It wasn’t long until the Damens’ lights went out, until they were all asleep, Rock and Joe in the upstairs studio, Wilma tucked up in the guest room with Dulcie and Courtney. The cats slept lightly, their ears at alert. There was no attempt at a breakin with Egan in jail and with Randall under guard in a hospital bed, probably hooked up to plastic tubes and with a uniformed guard at his door. And, hopefully, Lena and Rick on their way to jail, though they had had no word from Dallas or Max Harper.

At three that afternoon, the call came. Not from Max, but from John Firetti.

Clyde was just home from work. When he answered the phone, John nearly shouted in his ear, “Negative, Clyde! The test was negative! No rabies! Joe and Rock are free, you can let them run. My God, this waiting has been hell. Shall I bring the boys and Snowball home?” he asked hesitantly.

“I’ll come,” Clyde said. “I’m on my way.”

But the conversation, when Clyde arrived at the clinic, was not at all what he’d expected. They stood in the recovery room, Striker, freed from his cage, racing the length of the room round and round on three legs, working off an endless burst of energy—while Buffin remained curled up close to the fluffy little dog. Watching Buffin and Lolly, Clyde felt a hollowness in the pit of his stomach at separating them.

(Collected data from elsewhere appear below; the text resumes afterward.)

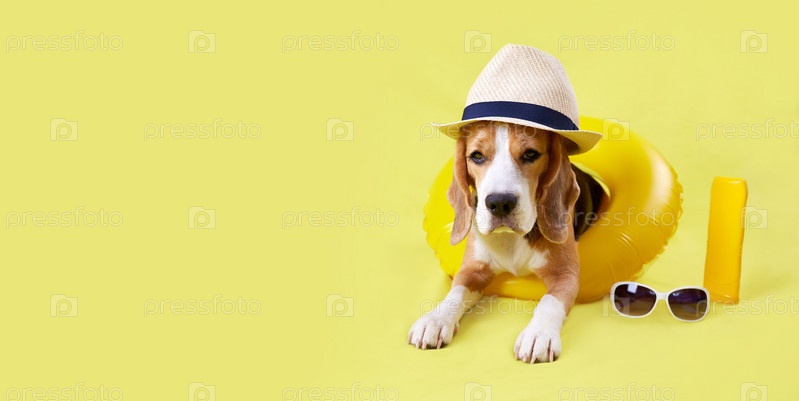 Лежащая собака-бигль в соломенной шляпе и надувном круге для плавания
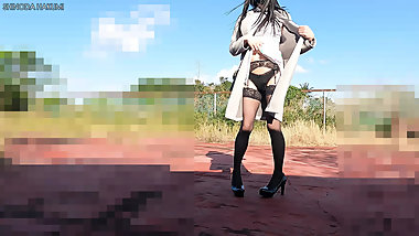 "My subscriber's mission! Asian slut with a big tits changes into a miniskirt in a garden where people are passing nearby."
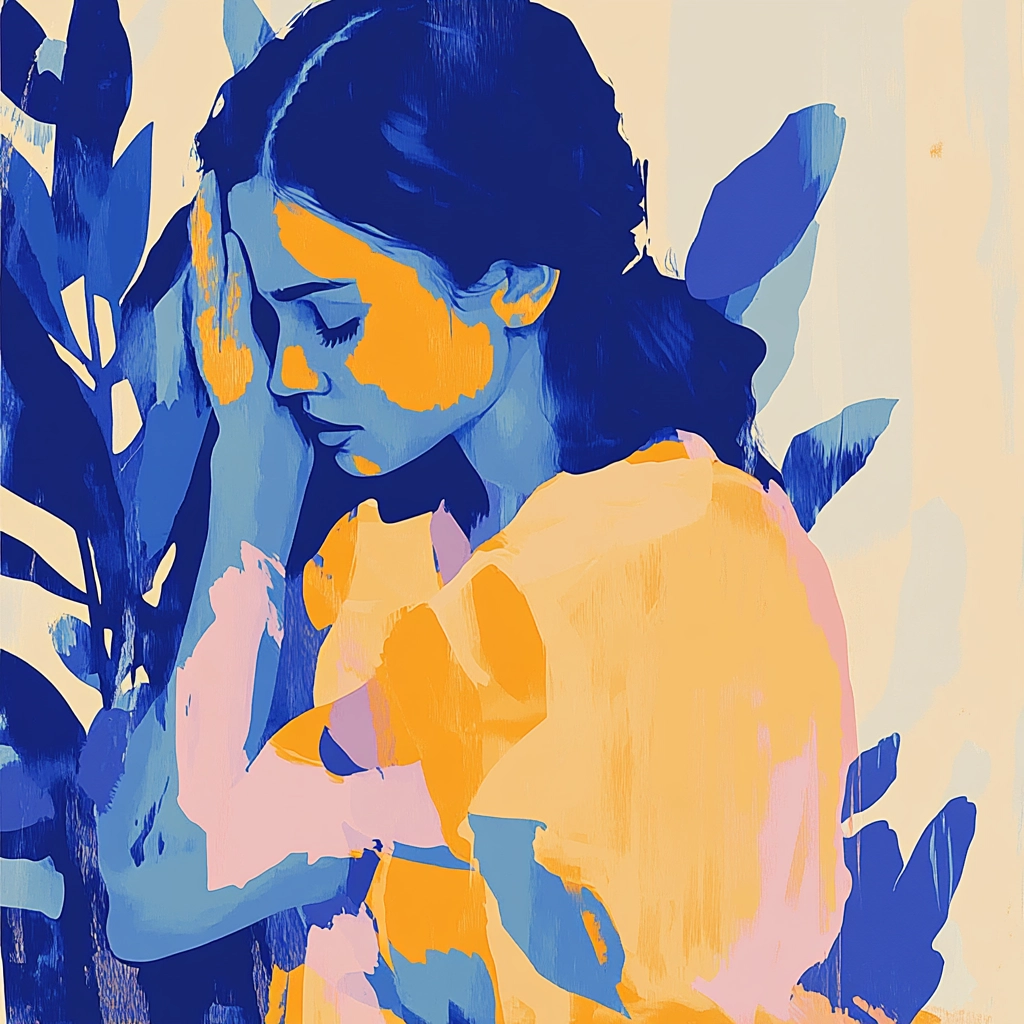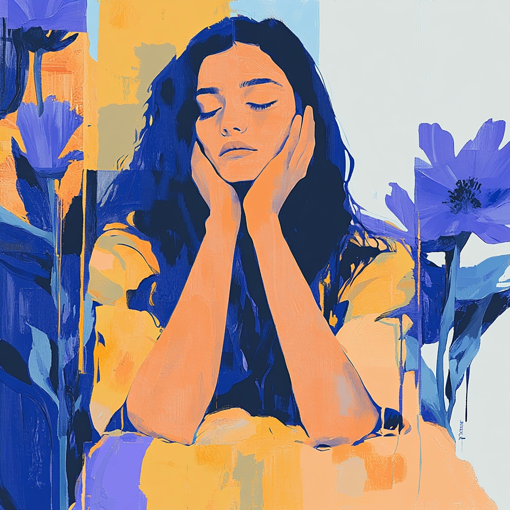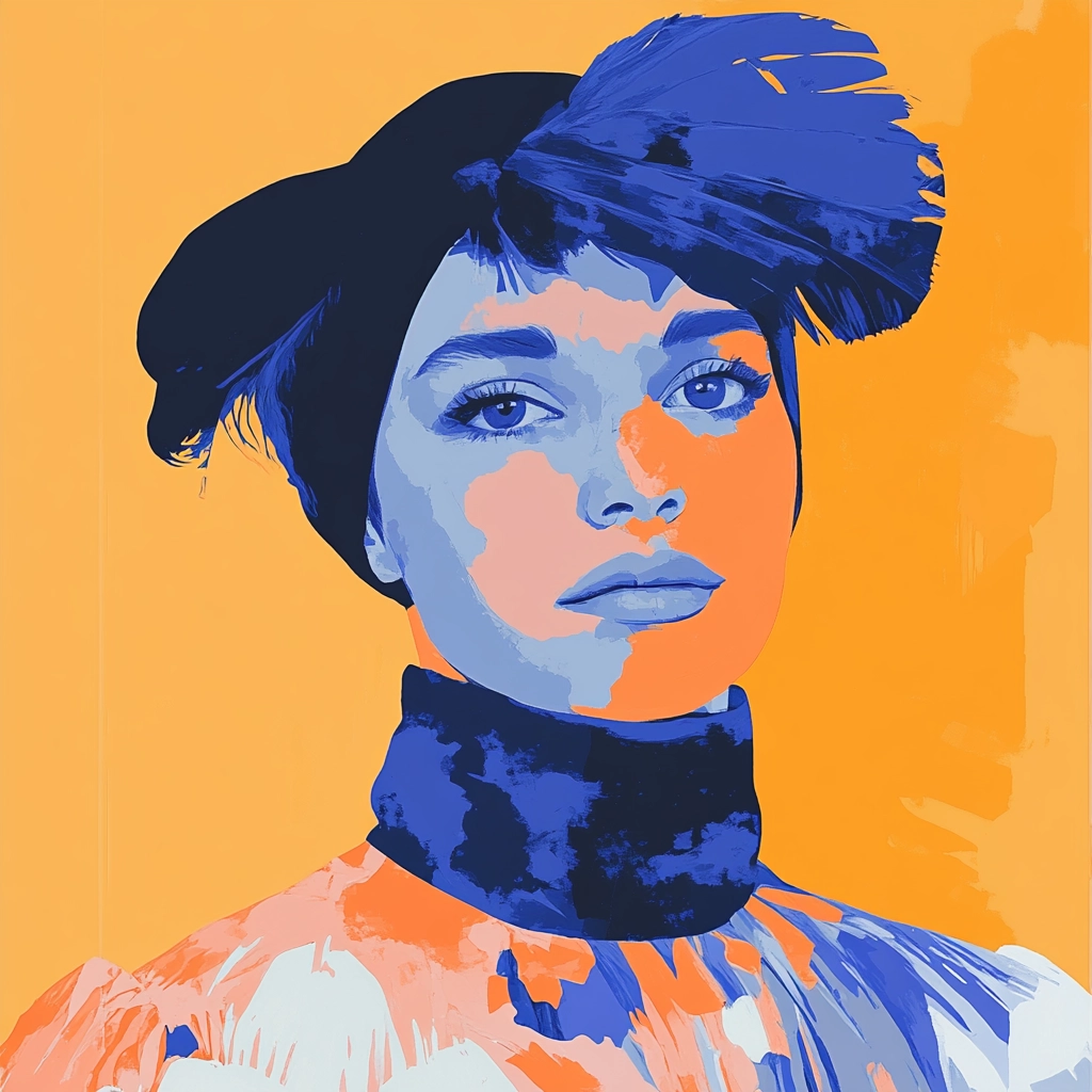 Vibrant blue and orange form dynamic compositions with a flat painting technique, building a lively contrast.
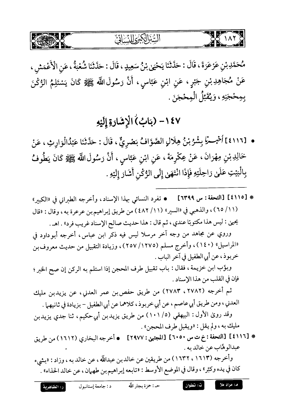 4116- أَخبَرنا بِشْرُ بنُ هِلالٍ الصَّوَّافُ، بَصْرِيٌّ، قَالَ: حَدَّثنا عَبدُ الوَارِثِ، عَن خَالِدِ بنِ مِهْرَانَ، عَن عِكْرِمَةَ، عَنِ ابنِ عَبَّاسٍ، أَنَّ رَسُولَ اللهِ صَلى الله عَليه وسَلم كَانَ يَطُوفُ بِالبَيْتِ عَلَى رَاحِلَتِهِ، فَإِذَا انْتَهَى إِلَى الرُّكْنِ أَشَارَ إِلَيْهِ.
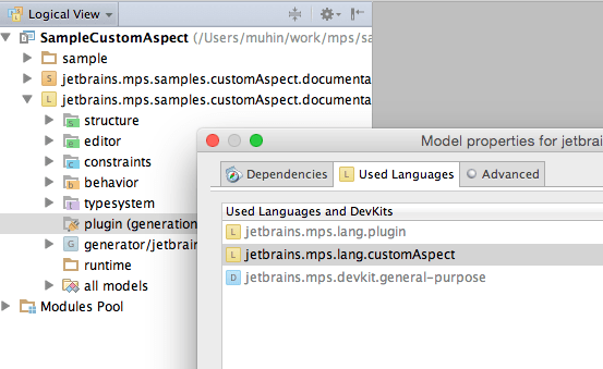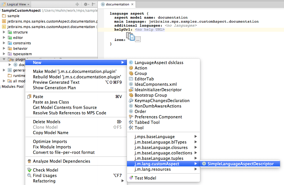 To make MPS treat some special model as a documentation aspect (that is our new custom aspect), an aspect declaration should be created in the documentation language. To do so, we create a plugin aspect in the language and import the customAspect language.
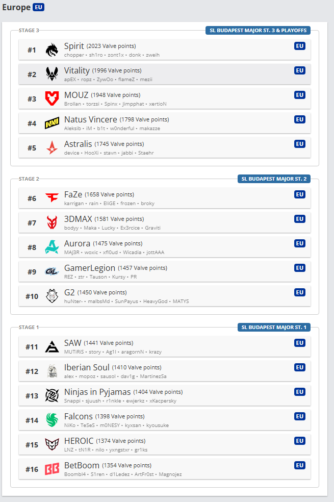 Если верить алгоритмам HLTV, то приглашение в Stage 1 из Европы получат: SAW, Iberian Soul, Ninjas in Pyjamas, Team Falcons, HEROIC И BetBom Team.
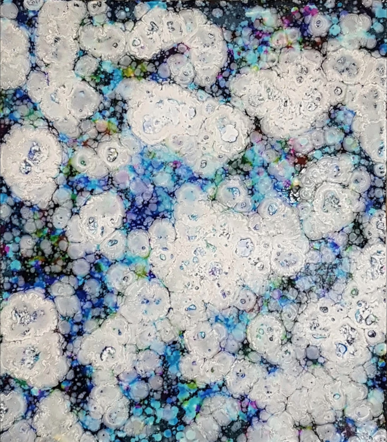 Choi describes himself as entering a state of samādhi (a Buddhist concept of intense meditative awareness) in the presence of nature and sound, and in the act of creating both music and visual art. This spiritual approach, in which the specific acts of making are instinctive or not consciously produced, has similarities to Zen Buddhist painting techniques used in China and Japan beginning in the 12th century and in 20th century Russian artist Wassily Kandinsky’s Improvisations. The Surrealist technique of automatic writing is also related. However, Choi is unique in his regular use of percussion methods in creating his works. This short video shows the artist at work: youtu.be/mSCwHX8mMdE.
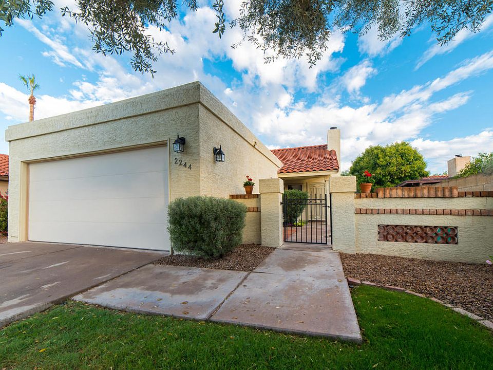 You'll love this charming home and quite neighborhood. Gated courtyard entry. Great room boasts vaulted ceilings, rustic wood beam and cozy fireplace. Kitchen features large pantry, SS/Black appliances, breakfast bar, and wood cabinetry. Master suite has it's own backyard exit to the patio, dual closets, and custom walk-in tiled shower. This home is on a coveted North/South facing lot, you'll receive lots of non-direct natural sunlight. Dual pane windows for comfort and energy savings. This home is within walking distance of the community pool, spa, and large park. You are minutes from schools and shopping. Avoid traffic by living less than a minute from the freeway (I-60).

John seemed to have trouble putting his words together. This was the first time Clyde had ever seen John Firetti shy and uncertain. They were both watching Lolly and the buff kitten pressed lovingly together.

“I think our little dog is going to make it,” John said. “We’ve done everything we can for her. It’s Buffin who has kept her comfortable without heavy drugs. The minute he hops in her cage and curls up beside her she sighs, you can see her muscles ease as the pain subsides, as she relaxes against him.

“I don’t know how he does it,” John said. “It’s a quite amazing talent, it’s the kind of healing that scientists have argued about for centuries. And here it is, in this young, half-grown kitten.”

Clyde moved closer to the cage, looking in at Buffin then glancing at John. “Would you like him to stay for a while longer?”

“I would indeed …” John began. “Until she’s completely healed.”

“Yes,” Buffin told Clyde, his blue eyes pleading. “I want to do that. She’s better but there’s still some pain, she still needs comforting.” The big kitten looked up intently at Clyde. “Is this what I was born for? To help other animals, to help them heal?”

“To help heal,” John said, nodding. “To give solace. Everyone is born for some special reason, some special good.” He sighed. “But so many never find it.”

Clyde smiled. “Wilma told me once, everyone is born about something, some passion or talent that will guide his or her life. If he doesn’t have such a longing, or never discovers and uses it, he is only a shell, empty, to be filled with something ugly instead.”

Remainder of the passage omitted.